PROBLEM DESCRIPTION:
Write the data out again, character for character, with no images.

━━━━━ DATA FOR PROCESSING

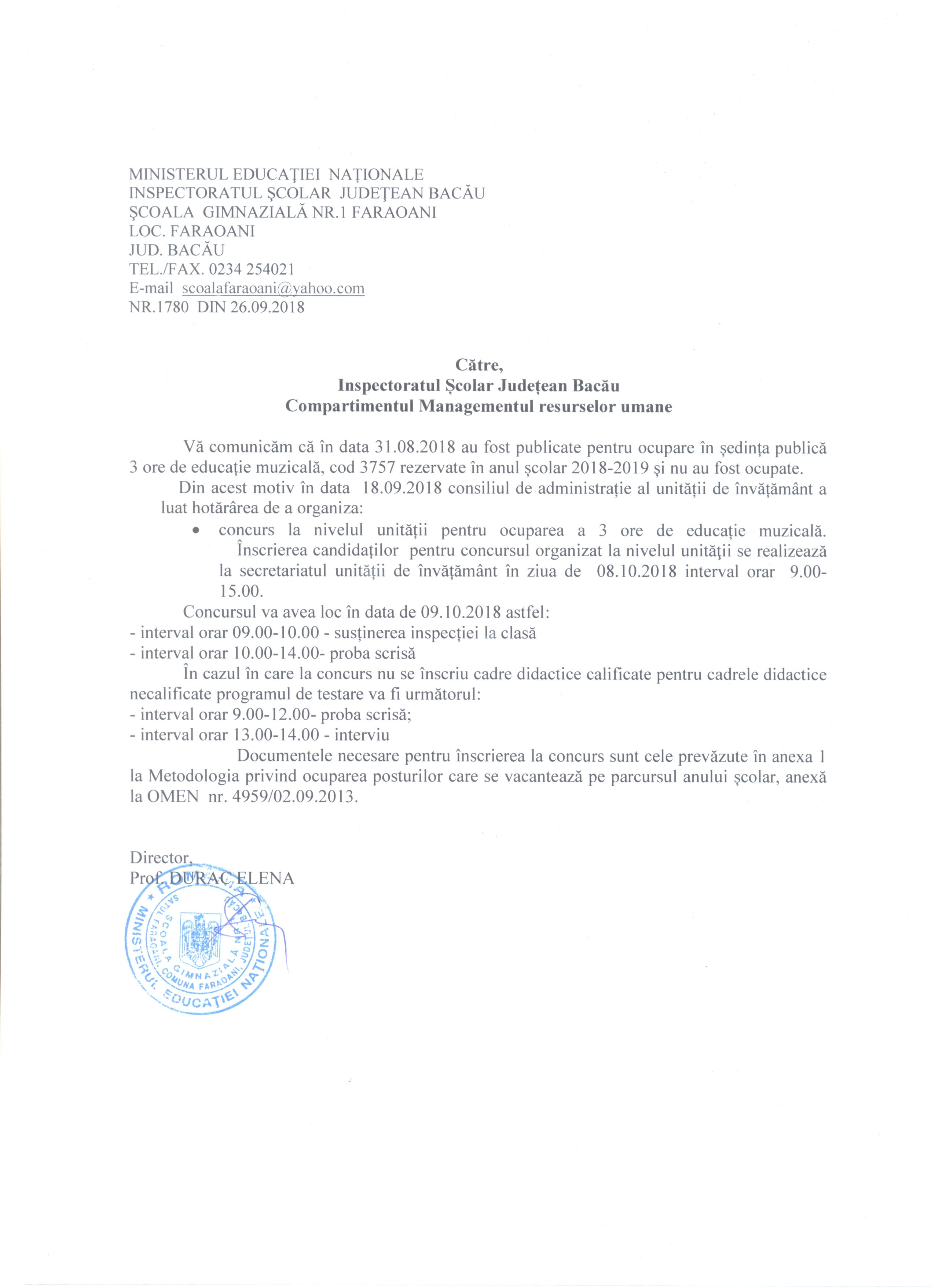 Anunt concusr Scoala Gimnaziala nr. 1 Faraoani
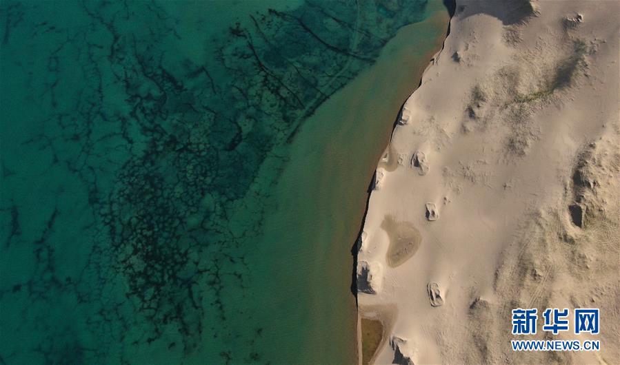這是青海湖沙島風光(7月28日攝,無人機照片)。盛夏傍晚,位于青海湖東北部的沙島,島內(nèi)湖泊星羅棋布,沙丘連綿起伏,風景別致。金沙與湖水掩映,在陽光的勾勒下形成一幅美麗的畫卷。新華社記者張宏祥攝
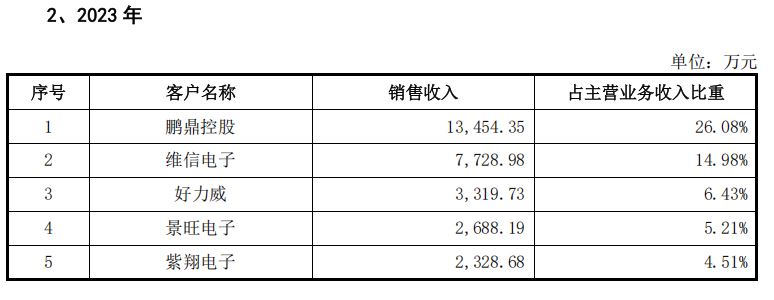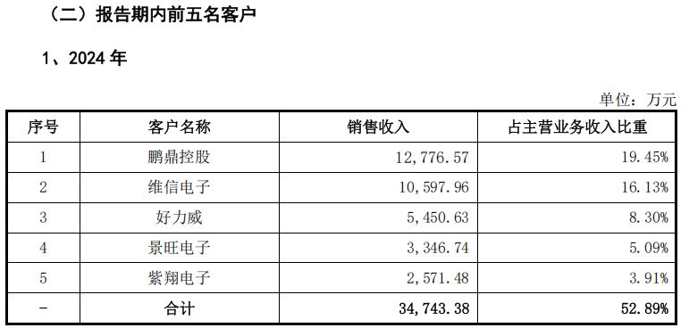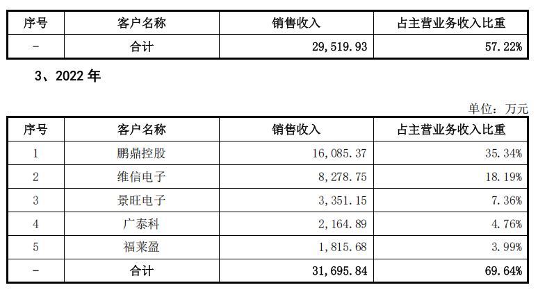 这些客户主要包括鹏鼎控股、维信电子等柔性线路板生产商。其中,鹏鼎控股始终为公司第一大客户,销售占比分别为35.34%、26.08%和19.45%。
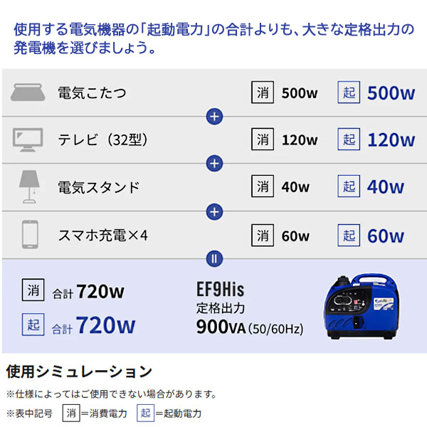 アースパワーのインバーター発電機 EF9HiSは定格出力0.9kVA(900W)です。
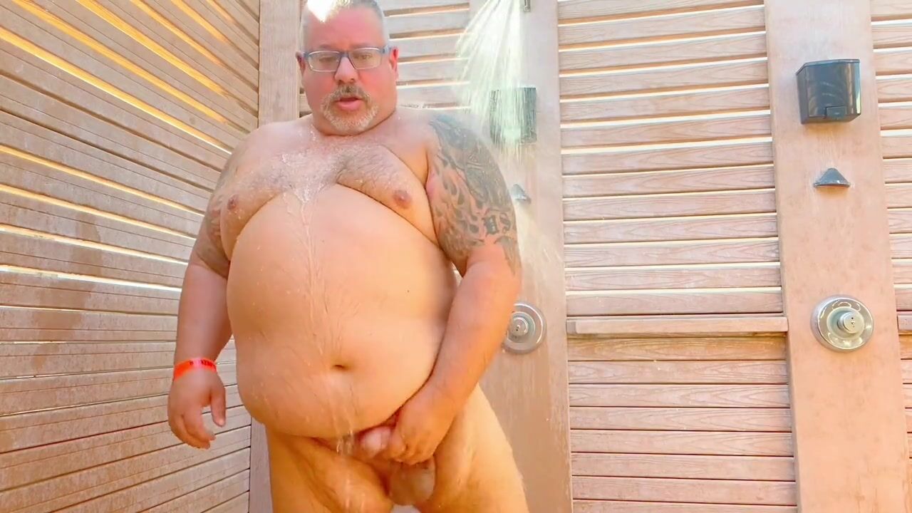 Fat Daddy plays in the shower. His balls are so low and he decides to relieve himself
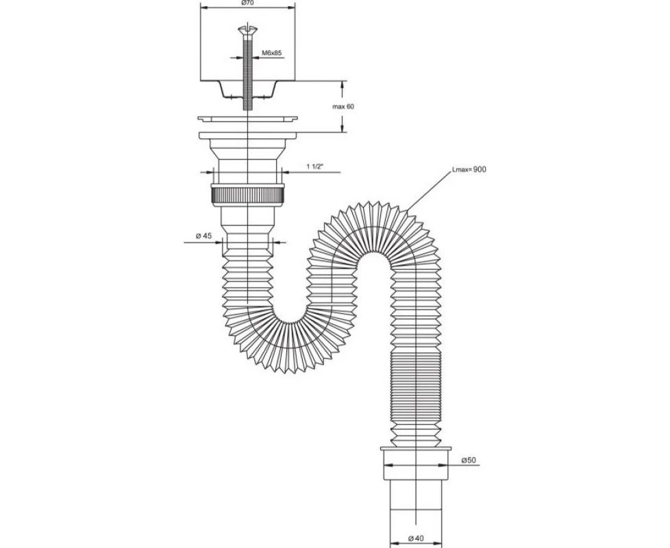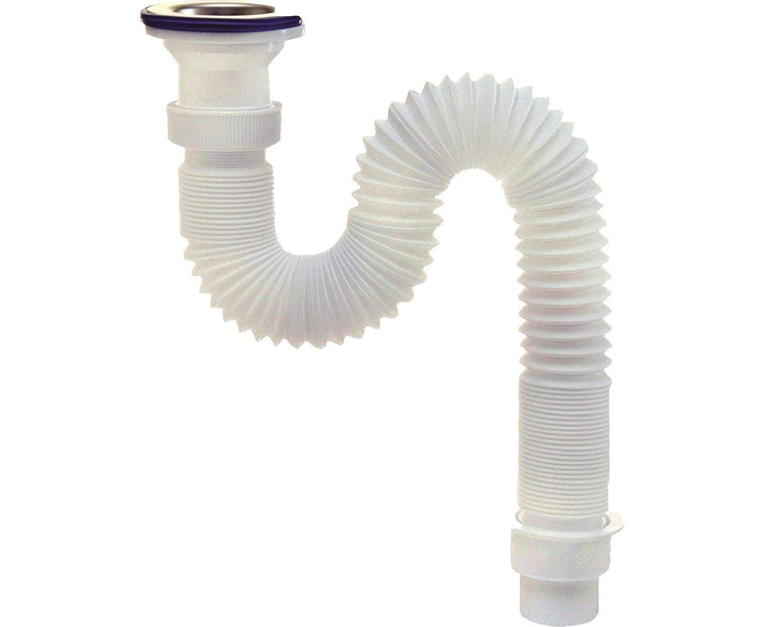 Конструкция выполнена из пластика. Сифон Элит представляет из себя гофрированный шланг с двумя концами, один из которых крепится к отводу раковины (перелив), другим — к канализационной трубе (слив). На конце имеется чашка, выполненная из нержавеющей стали. Возможность подключения дополнительных переходников под стиральную или посудомоечную машинку.
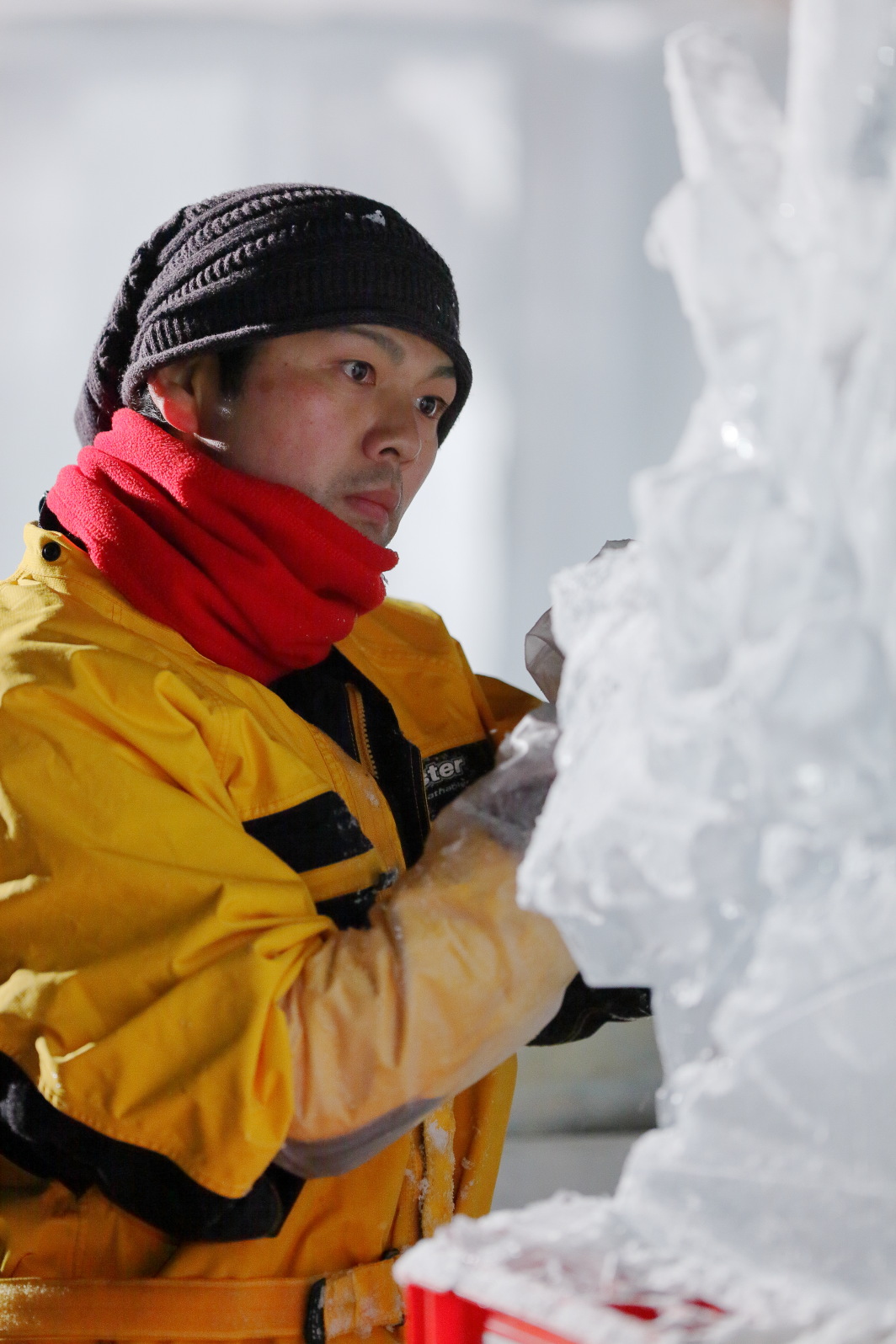 それは、「氷彫が出来上がるまでの過程」を撮影すること。

━━━━━━━━━━

RESPONSE TO THIS EXERCISE:
 Anunt concusr Scoala Gimnaziala nr. 1 Faraoani
這是青海湖沙島風光(7月28日攝,無人機照片)。盛夏傍晚,位于青海湖東北部的沙島,島內(nèi)湖泊星羅棋布,沙丘連綿起伏,風景別致。金沙與湖水掩映,在陽光的勾勒下形成一幅美麗的畫卷。新華社記者張宏祥攝
 这些客户主要包括鹏鼎控股、维信电子等柔性线路板生产商。其中,鹏鼎控股始终为公司第一大客户,销售占比分别为35.34%、26.08%和19.45%。
 アースパワーのインバーター発電機 EF9HiSは定格出力0.9kVA(900W)です。
 Fat Daddy plays in the shower. His balls are so low and he decides to relieve himself
 Конструкция выполнена из пластика. Сифон Элит представляет из себя гофрированный шланг с двумя концами, один из которых крепится к отводу раковины (перелив), другим — к канализационной трубе (слив). На конце имеется чашка, выполненная из нержавеющей стали. Возможность подключения дополнительных переходников под стиральную или посудомоечную машинку.
 それは、「氷彫が出来上がるまでの過程」を撮影すること。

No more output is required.